With the view to enhance participation by FPIs in G-Sec, the Government has decided to expand the list of specified securities under the Fully Accessible Route (FAR) to also include new issuances in Government securities in tenors of 15, 30 and 40 years as also Sovereign Green Bonds (SGrBs) in the tenors of FAR-eligible securities. Further, with respect to FPI investments under General Route, it has been decided to remove the three restrictions, viz. short-term investment limit, concentration limit and the security-wise limit for investments by Foreign Portfolio Investors (FPIs) in Government securities, while retaining the overall quantitative investment limit of 6 per cent of the outstanding stock of the Central Government securities and 2 per cent of the State Government securities (SGSs). The sub-categories of investment limits, viz., 'general' and 'long-term' will also be merged into a single limit for investment in Government securities and SGSs, respectively.

These measures will help in development of a smooth yield curve, and attract stable systematic inflow of long-term, patient foreign capital, including long-term investors such as pension funds, insurance companies, and sovereign wealth funds.
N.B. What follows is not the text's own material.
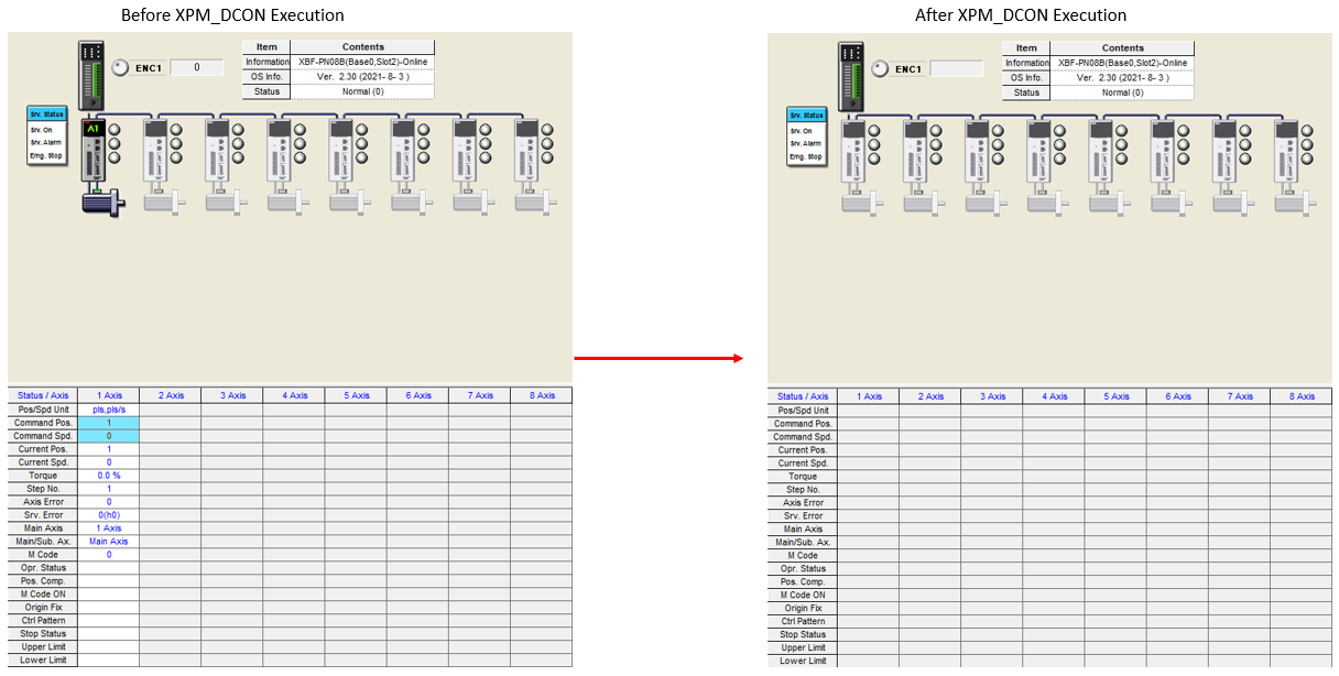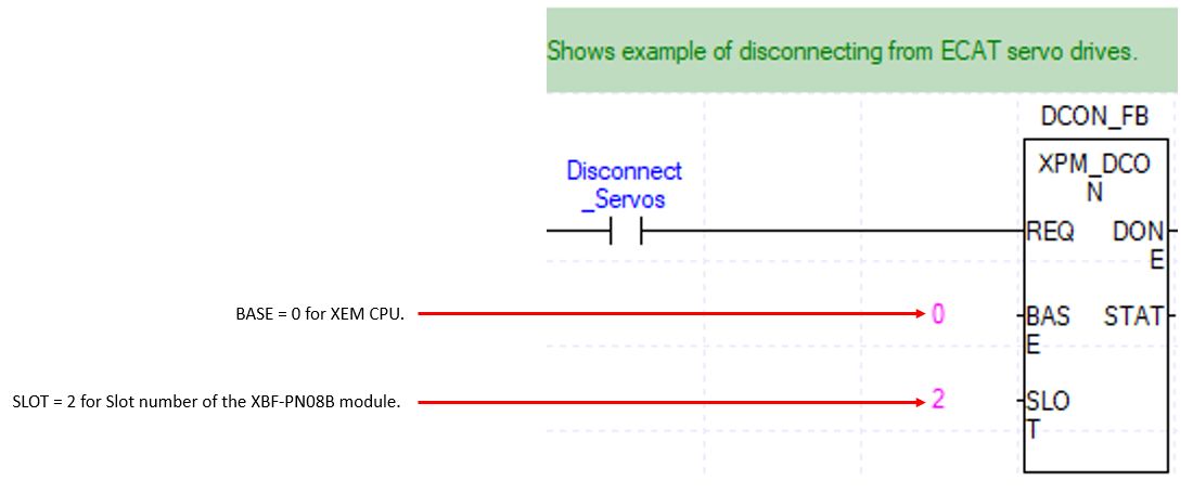 The modules can also be disconnected from the EtherCAT servo drives using the XPM_DCON function block.

This is also expected to boost foreign exchange inflows for the country.

Exempt interest and capital gains on G-Secs from tax

Recognising the importance of a competitive tax regime in attracting global capital, the Government has decided to rationalise the tax treatment applicable to investments by FPIs in Government Securities, by exempting such investments from income tax on any interest or capital gain.  This step will align the taxation on G-Secs with many comparable jurisdictions.

The exemption shall be applicable w.e.f. 01.04.2026, i.e. the exemption shall apply to any interest or capital gains arising to FPIs on or after 01.04.2026 in respect of investments in G-Secs.

Similar income-tax exemption is also provided for Bank for International Settlements (BIS) for any interest or capital gains from its investments in G-Secs.

This will ensure stable systematic inflow of durable, patient foreign capital and long-term investors such as pension funds, insurance companies, and Sovereign wealth funds (SWFs).

Taken together, these reforms aim to reduce operational complexities, simplify market access, and provide a more seamless investment experience comparable with leading international financial markets. These measures are expected to expand the investor base for Indian equities and Government Securities and encourage wider participation from global investors seeking exposure to one of the world's fastest-growing major economies.